## THE TASK
Each line below should be repeated exactly, but no picture should be carried over.

## GIVEN INFORMATION
____
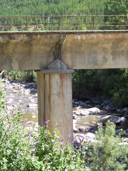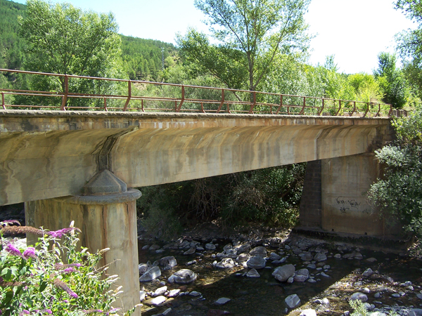 Puente de un solo tramo, de hormigón armado, compuesto por dos vigas de canto constante, apoyadas sobre pilas de hormigón de planta rectangular, con las esquinas redondeadas, las cuales asientan directamente sobre la losa de hormigón que apoya en el lecho del río. Se remata con barandillas metálicas a modo de quitamiedos.
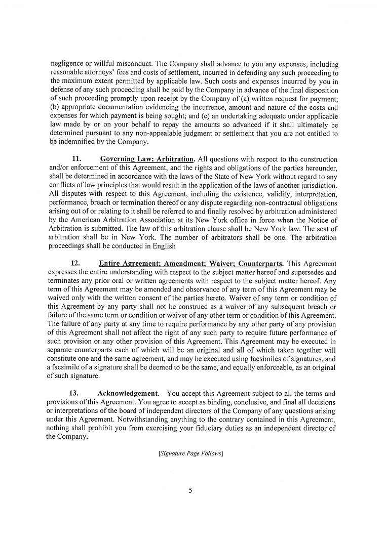 Insofar as indemnification for liabilities arising under the Securities Act may be permitted to directors, officers and controlling persons of the registrant pursuant to the provisions described in Item 14 above, or otherwise, the registrant has been advised that in the opinion of the United States Securities and Exchange Commission such indemnification is against public policy as expressed in the Securities Act and is therefore unenforceable. In the event that a claim for indemnification against such liabilities (other than the payment by the registrant of expenses incurred or paid by a director, officer or controlling person of the registrant in the successful defense of any action, suit or proceeding) is asserted by such director, officer or controlling person in connection with the securities being registered, the registrant will, unless in the opinion of its counsel the matter has been settled by controlling precedent, submit to a court of appropriate jurisdiction the question whether such indemnification by it is against public policy as expressed in the Securities Act and will be governed by the final adjudication of such issue.
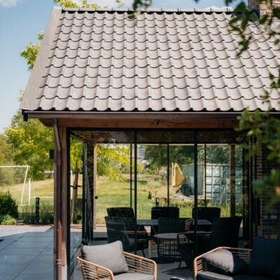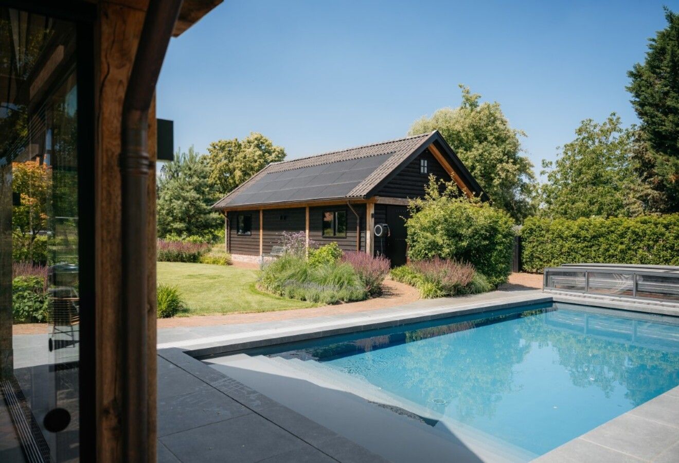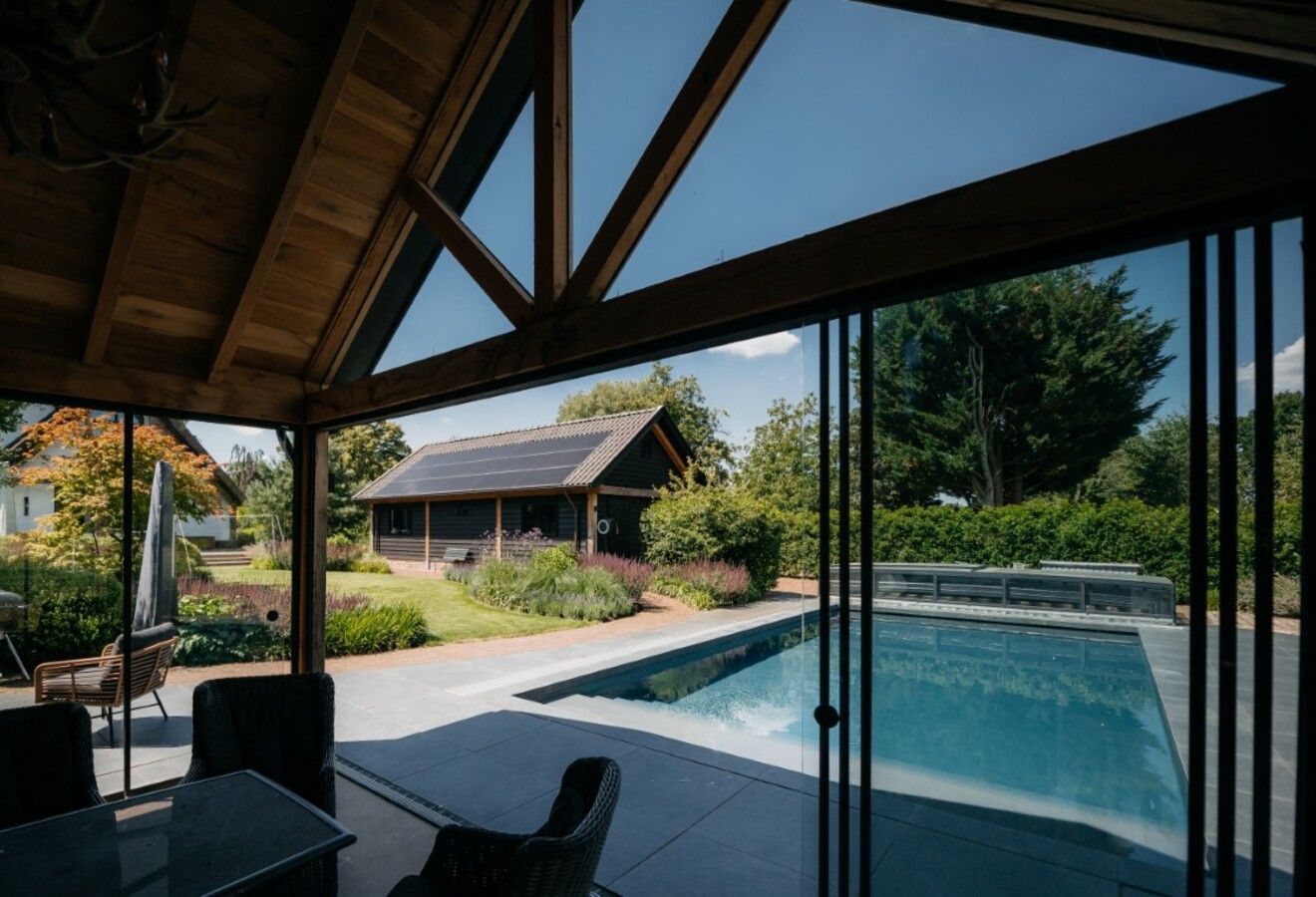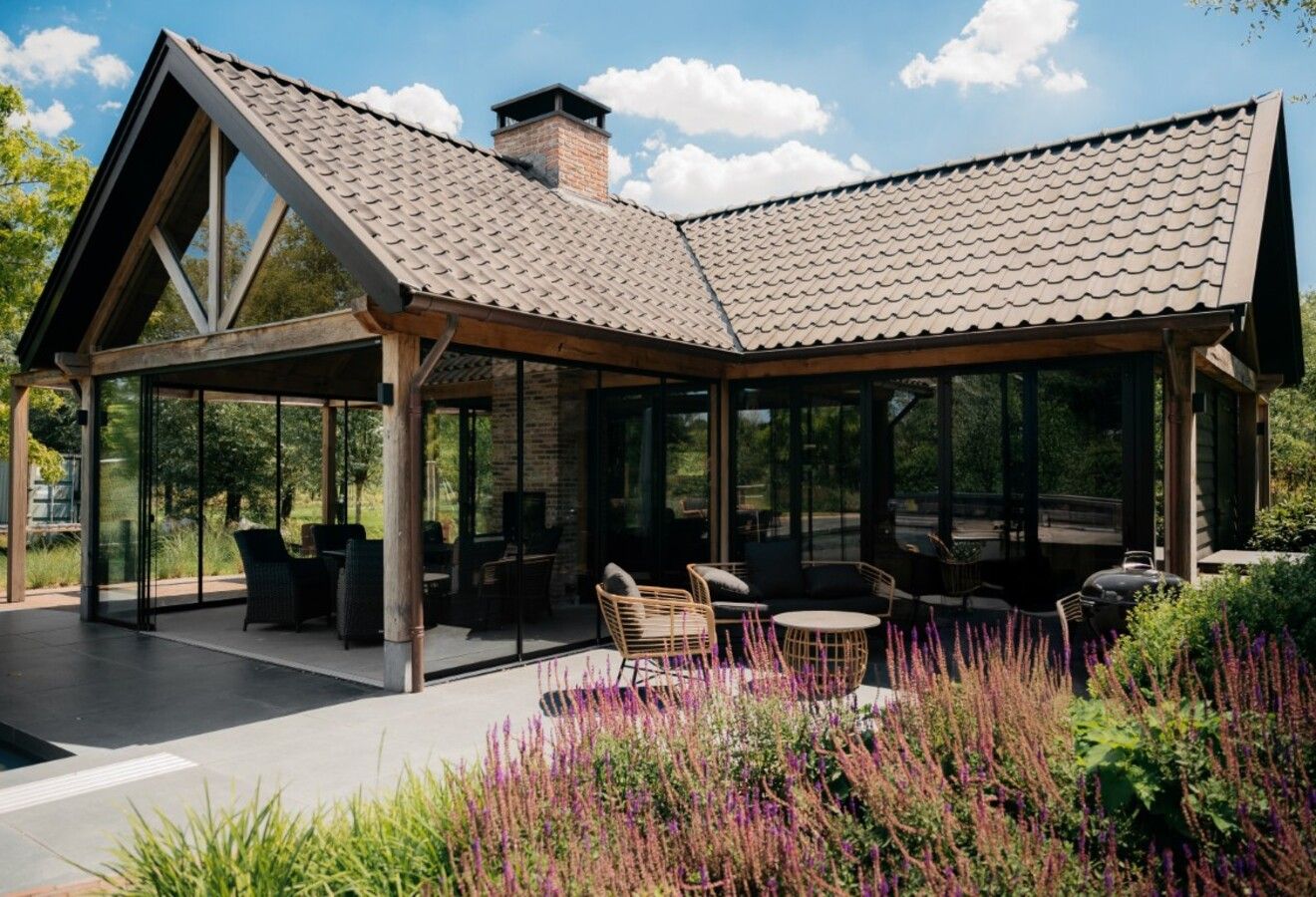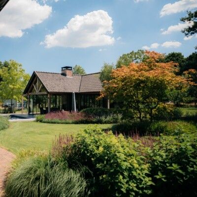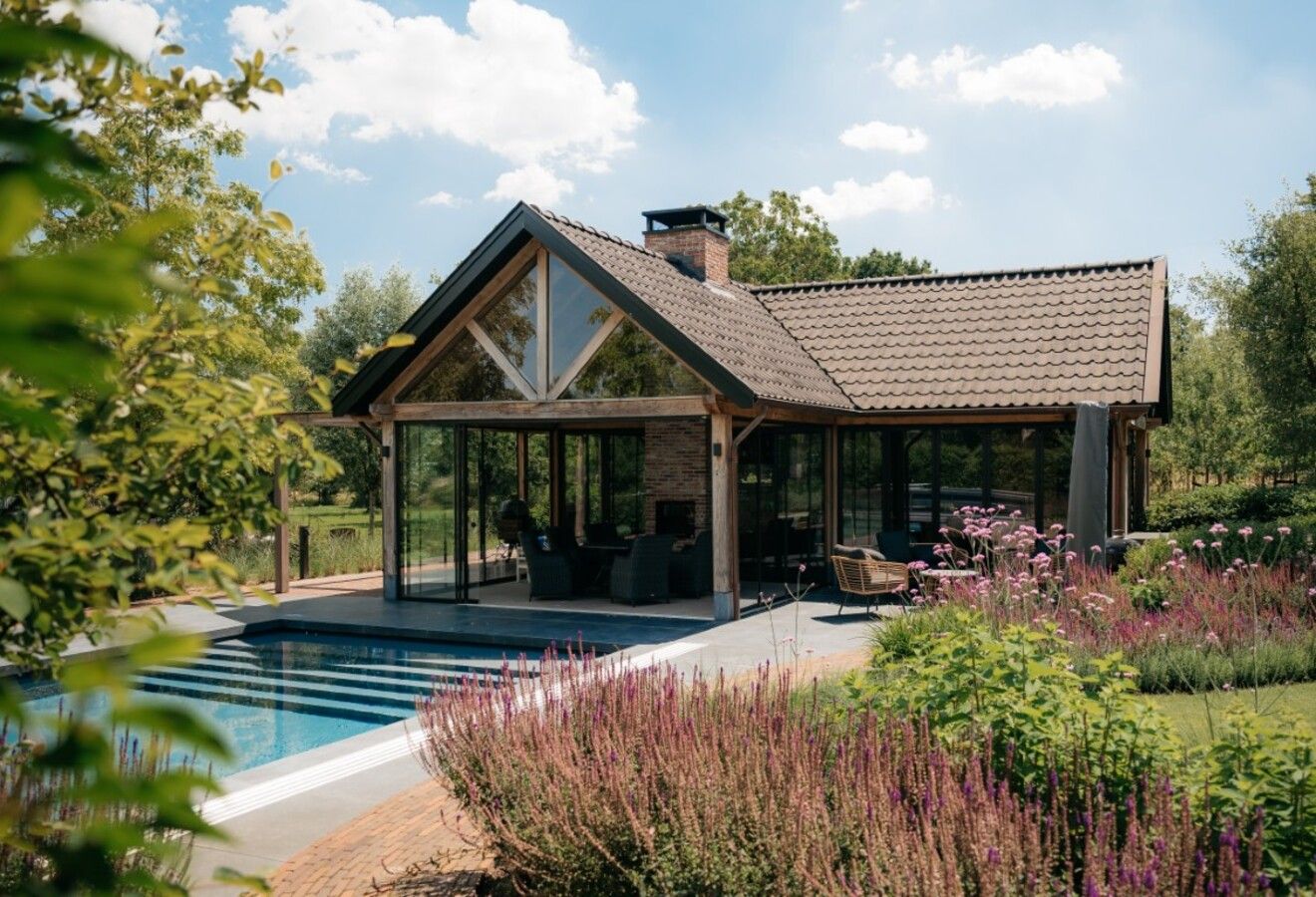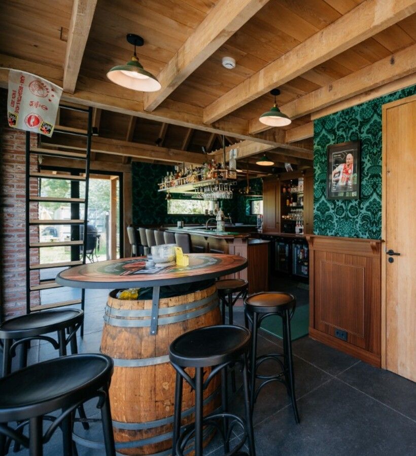 Dit poolhouse ligt prachtig in de mooie tuin en is een onderdeel van het grote geheel. Op het perceel is in dezelfde stijl een mooie houten schuur geplaatst. Ook de houten toegangspoort geeft een mooie, landelijke aanzicht. Binnen is het zitgedeelte geheel gemaakt in de stijl van een Irish pub. Kortom, een prachtig resultaat!
____
## TASK SOLUTION
 Puente de un solo tramo, de hormigón armado, compuesto por dos vigas de canto constante, apoyadas sobre pilas de hormigón de planta rectangular, con las esquinas redondeadas, las cuales asientan directamente sobre la losa de hormigón que apoya en el lecho del río. Se remata con barandillas metálicas a modo de quitamiedos.
 Insofar as indemnification for liabilities arising under the Securities Act may be permitted to directors, officers and controlling persons of the registrant pursuant to the provisions described in Item 14 above, or otherwise, the registrant has been advised that in the opinion of the United States Securities and Exchange Commission such indemnification is against public policy as expressed in the Securities Act and is therefore unenforceable. In the event that a claim for indemnification against such liabilities (other than the payment by the registrant of expenses incurred or paid by a director, officer or controlling person of the registrant in the successful defense of any action, suit or proceeding) is asserted by such director, officer or controlling person in connection with the securities being registered, the registrant will, unless in the opinion of its counsel the matter has been settled by controlling precedent, submit to a court of appropriate jurisdiction the question whether such indemnification by it is against public policy as expressed in the Securities Act and will be governed by the final adjudication of such issue.
 Dit poolhouse ligt prachtig in de mooie tuin en is een onderdeel van het grote geheel. Op het perceel is in dezelfde stijl een mooie houten schuur geplaatst. Ook de houten toegangspoort geeft een mooie, landelijke aanzicht. Binnen is het zitgedeelte geheel gemaakt in de stijl van een Irish pub. Kortom, een prachtig resultaat!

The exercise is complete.